Evie Brennan is running as a Republican candidate in Senate District 31 — a new district created during the recent redistricting process. This is Brennan’s first time running for office, so it was also her first time filing a campaign finance report with the state.

Brennan thought she had correctly accounted for two $500 donations from two different candidate committees, she said. However, Brennan listed the contributions from the “Wyoming State Party” and put “Republican” under the name column in her official report.

Brennan wasn’t aware she had made a mistake until WyoFile reached out to her — state statute prohibits political parties from spending funds on a candidate who faces an opponent in the primary election. Brennan has amended her report to disclose the donations that came from Darin Smith for Wyoming and Wilson for Wyoming. WyoFile confirmed those donations with Rep. Sue Wilson (R-Cheyenne) and Darin Smith’s federal filings. A Wyoming Republican Party spokesperson also said the party had not given to Brennan’s campaign.

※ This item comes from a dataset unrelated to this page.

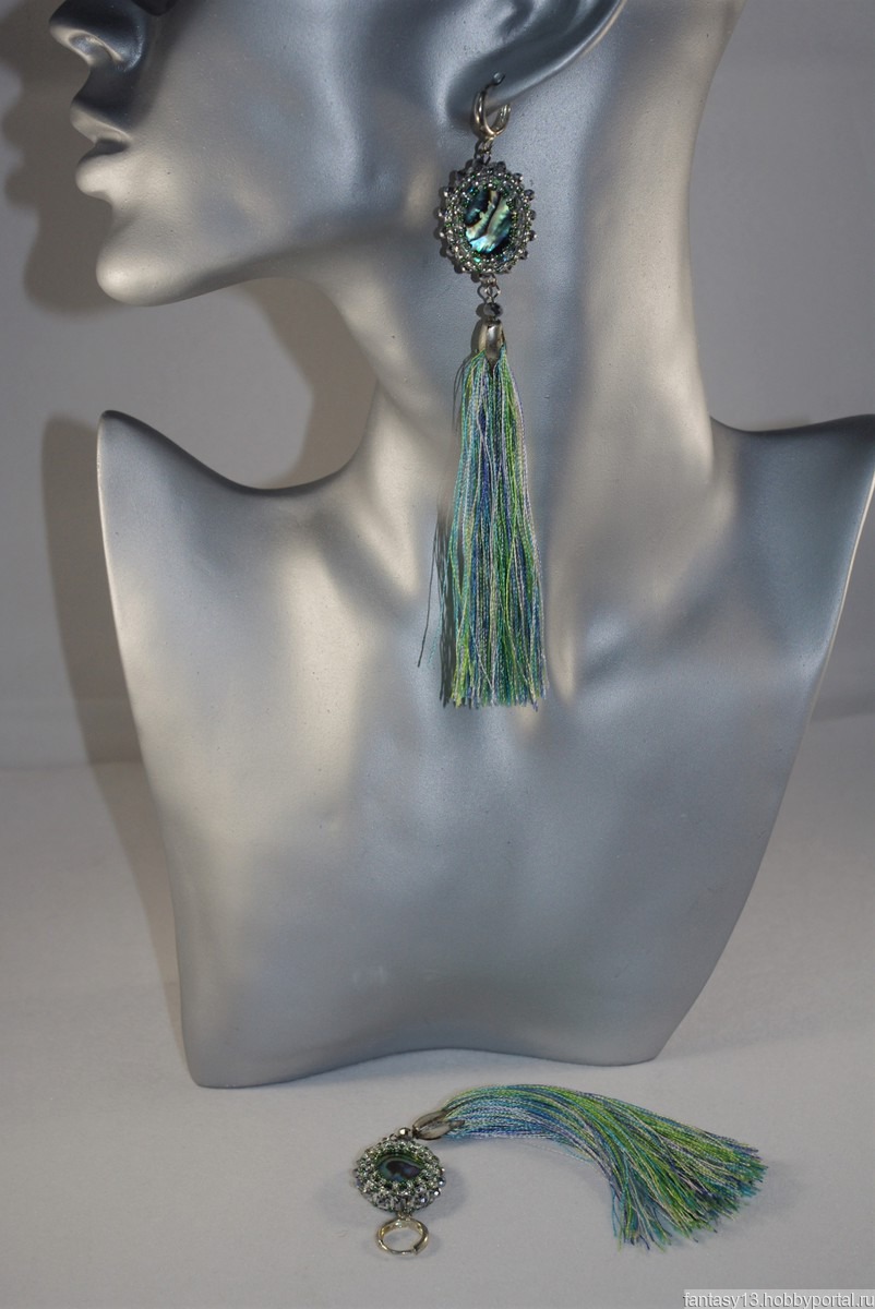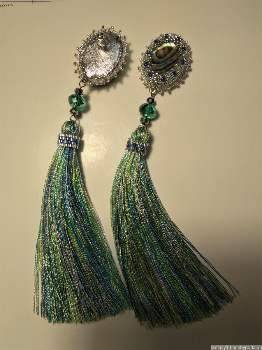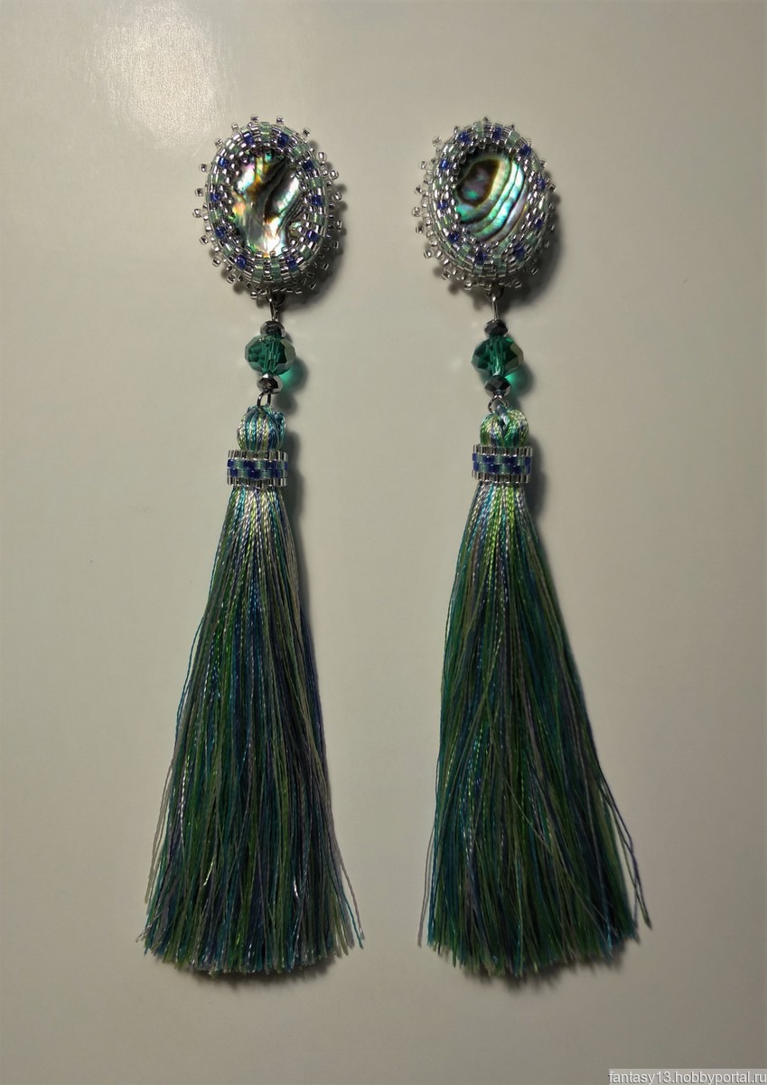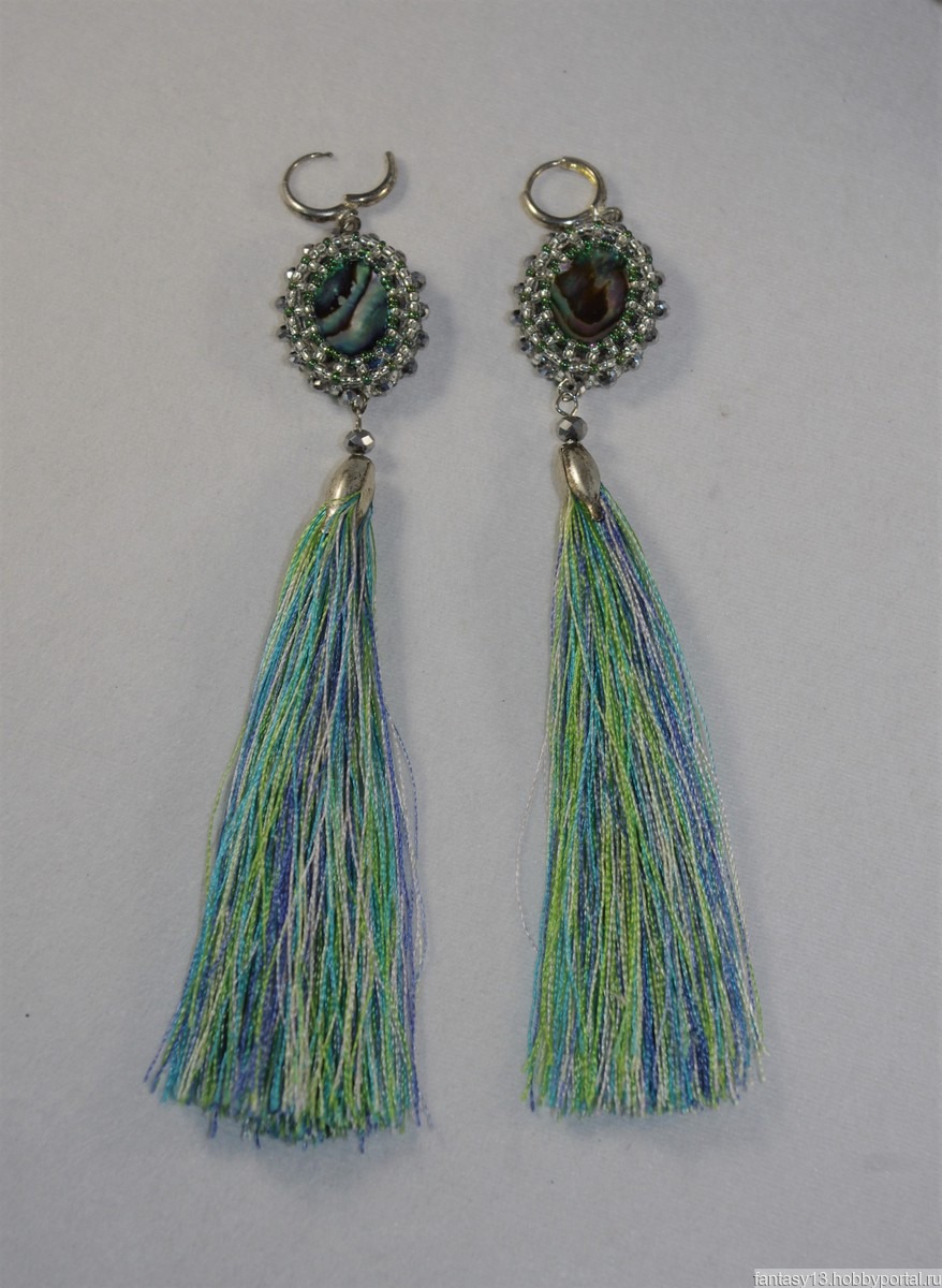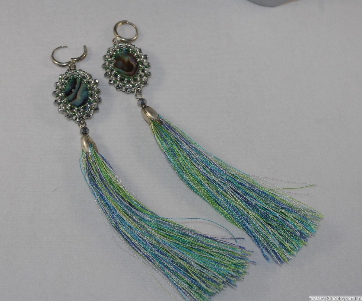 Оплетенные бусины пауа, японский бисер высокого качества, натуральная кожа, струящиеся кисти, итог - легкие изящные серьги "Наяда".

For fellow first-time statehouse candidate Robert Davis, the paperwork also brought confusion. The House District 47 candidate had not realized a process separate from filing his campaign finance report is required to form a candidate committee in Wyoming, he said.

Davis received $3,000 from Carleen Brophy and $5,000 from the Committee to Elect Robert Davis. However, no such candidate committee had been formed with the state. Davis had not realized this error until WyoFile reached out for comment.

“Nothing came back. So I thought everything was good,” Davis said.

The committee is made up of himself and a few family members, Davis said. He planned to contact the secretary of state’s office to correct the error, but also expressed frustration with the process.

“It’s no worse than trying to do your income tax,” Davis said.

Neither Davis nor Brennan were notified about their mistakes from the secretary of state’s office because there is no automatic audit mechanism for campaign finance reports. A review of filings only takes place if the office receives a complaint about a report, according to Monique Meese, a spokesperson with the secretary of state’s office. As of Monday, zero complaints had been submitted to the office regarding primary campaign reports, Meese said.

The lack of initial review can leave first-time candidates vulnerable to campaign violations for honest mistakes, according to Zwonitzer. It can also open the door to nefarious actors, he added.

There’s been discussion about creating a position in the secretary of state’s office that would be dedicated to audits as well as candidate education on how exactly to file, Zwonitzer said. But it hasn’t gotten much traction since it’s not clear what the position would do during non-election years.

In 2003, the Legislature passed a more stringent and comprehensive campaign finance bill. Two years later, however, the Legislature weakened much of that bill, Zwonitizer said, when “a good quarter of the Legislature had screwed up on their filings.”

Since then, very little has been done to tighten things back up, Zwonitzer said, save for the two bills passed this spring.

House Bill 49 – Election reporting requirements, which is now law, requires any organization that receives or spends funds in excess of $1,000 for the purpose of influencing an election outcome to officially file as a political organization with the secretary of state’s office. That must be done within 10 days of receiving or spending such funds, and must include a name and a mailing address. The bill also gives discretion to the secretary of state’s office in assessing a fine, and provides a window to resolve the issue.

House Bill 80 – Campaign Reports-amendments was also signed into law. It provided similar discretion and time-frame guidelines to the secretary of state. It increased the penalties for campaigns and political action committees that do not file itemized statements of contributions and expenditures by the stated deadline. Under the law, instead of a one-time $500 fine, any person or organization failing to file a report now incurs up to $500 in daily penalties until said report is filed.

Currently, six candidates running for the Legislature have yet to file a primary election campaign report leaving each liable for $3,000 and a total of $18,000 between them.